======== Dataset excerpt

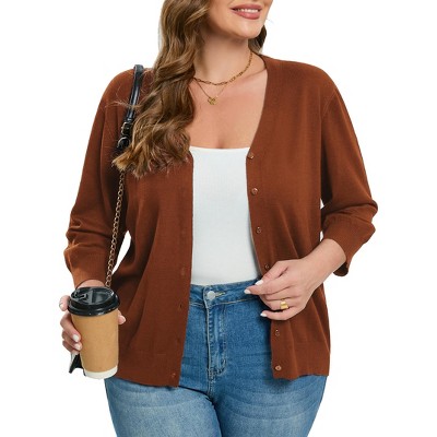 Women's Plus Size Cardigan Open Front Oversized Button Lightweight Sweaters V Neck Loose 3/4 Sleeve Cardigans Knit Outwear
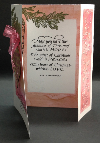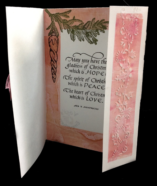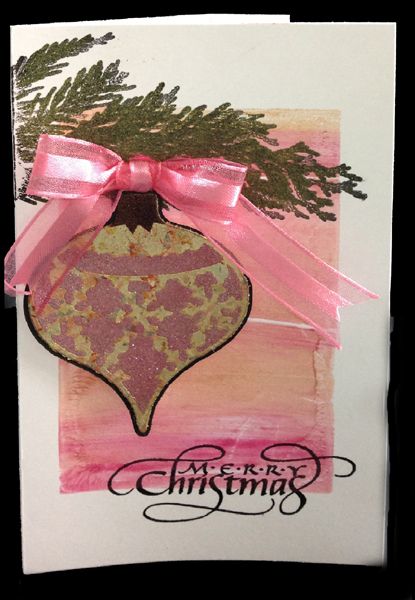 Scored my card at the 4" mark, then at the 9" mark leaving the last flap at 2" using Neenah Solar white 80# cardstock. I created masks/stencils and temporarily adhered them to my card front, flap and inside. Brayered my Gelli plate with Americana "Royal Fuchsia", Folk Art "Rose Blush" & Decoa Art "Emperor's Gold". I wasn't concerned about blending the colors because I wanted an interesting color mix without a lot of fiddling... Pressed down my card sections, re-brayering as needed. Stamped the pine branch (Old Island) with Versafine Black Onyx and embossed with Distress "Shabby Shutters". Stamped the sentiment with the black and clear embossed. Adhered the ornament with 3D foam tape after the card was completed and then adhered a pink gauze peg bow. The ornament was created on my electronic cutter, using one blade depth for the detail work and then another blade depth for the outline cut. Some of the release papers removed and gold leaf applied, burnishing well, then more release paper removed and using Glitter Ritz micro fine glitter in either pink or java. The flap I ran through my embossing machine using Sizzix "Holiday Garland" border, then distressing the high points with a sanding block. On the inside I stamped the quote with the black. Stamped the pine branch (Impression Obsession) with the black and embossed with the Shabby Shutters. Stamped the icicle ornament (Flourishes "Holiday Sparkle") |
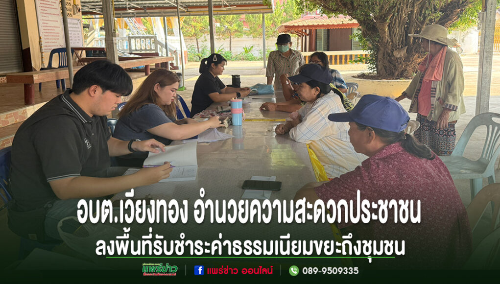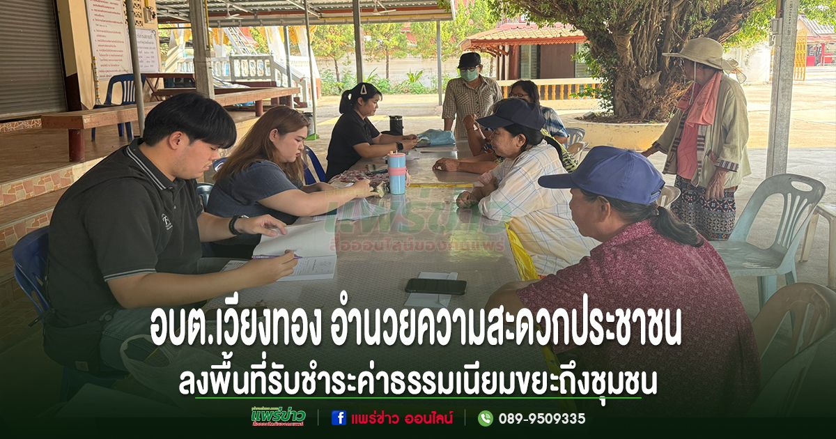 วันที่ 28 เมษายน 2569 งานจัดเก็บรายได้ กองคลัง องค์การบริหารส่วนตำบลเวียงทอง ลงพื้นที่ให้บริการรับชำระค่าธรรมเนียมขยะมูลฝอย ประจำปี พ.ศ. 2569 เพื่ออำนวยความสะดวกให้กับประชาชน สามารถชำระค่าธรรมเนียมได้ใกล้บ้าน สะดวก รวดเร็ว และช่วยประหยัดเวลาในการเดินทาง

================

Restate the whole listing above exactly, please, omitting every image.

 Women's Plus Size Cardigan Open Front Oversized Button Lightweight Sweaters V Neck Loose 3/4 Sleeve Cardigans Knit Outwear
 Scored my card at the 4" mark, then at the 9" mark leaving the last flap at 2" using Neenah Solar white 80# cardstock. I created masks/stencils and temporarily adhered them to my card front, flap and inside. Brayered my Gelli plate with Americana "Royal Fuchsia", Folk Art "Rose Blush" & Decoa Art "Emperor's Gold". I wasn't concerned about blending the colors because I wanted an interesting color mix without a lot of fiddling... Pressed down my card sections, re-brayering as needed. Stamped the pine branch (Old Island) with Versafine Black Onyx and embossed with Distress "Shabby Shutters". Stamped the sentiment with the black and clear embossed. Adhered the ornament with 3D foam tape after the card was completed and then adhered a pink gauze peg bow. The ornament was created on my electronic cutter, using one blade depth for the detail work and then another blade depth for the outline cut. Some of the release papers removed and gold leaf applied, burnishing well, then more release paper removed and using Glitter Ritz micro fine glitter in either pink or java. The flap I ran through my embossing machine using Sizzix "Holiday Garland" border, then distressing the high points with a sanding block. On the inside I stamped the quote with the black. Stamped the pine branch (Impression Obsession) with the black and embossed with the Shabby Shutters. Stamped the icicle ornament (Flourishes "Holiday Sparkle") |
 วันที่ 28 เมษายน 2569 งานจัดเก็บรายได้ กองคลัง องค์การบริหารส่วนตำบลเวียงทอง ลงพื้นที่ให้บริการรับชำระค่าธรรมเนียมขยะมูลฝอย ประจำปี พ.ศ. 2569 เพื่ออำนวยความสะดวกให้กับประชาชน สามารถชำระค่าธรรมเนียมได้ใกล้บ้าน สะดวก รวดเร็ว และช่วยประหยัดเวลาในการเดินทาง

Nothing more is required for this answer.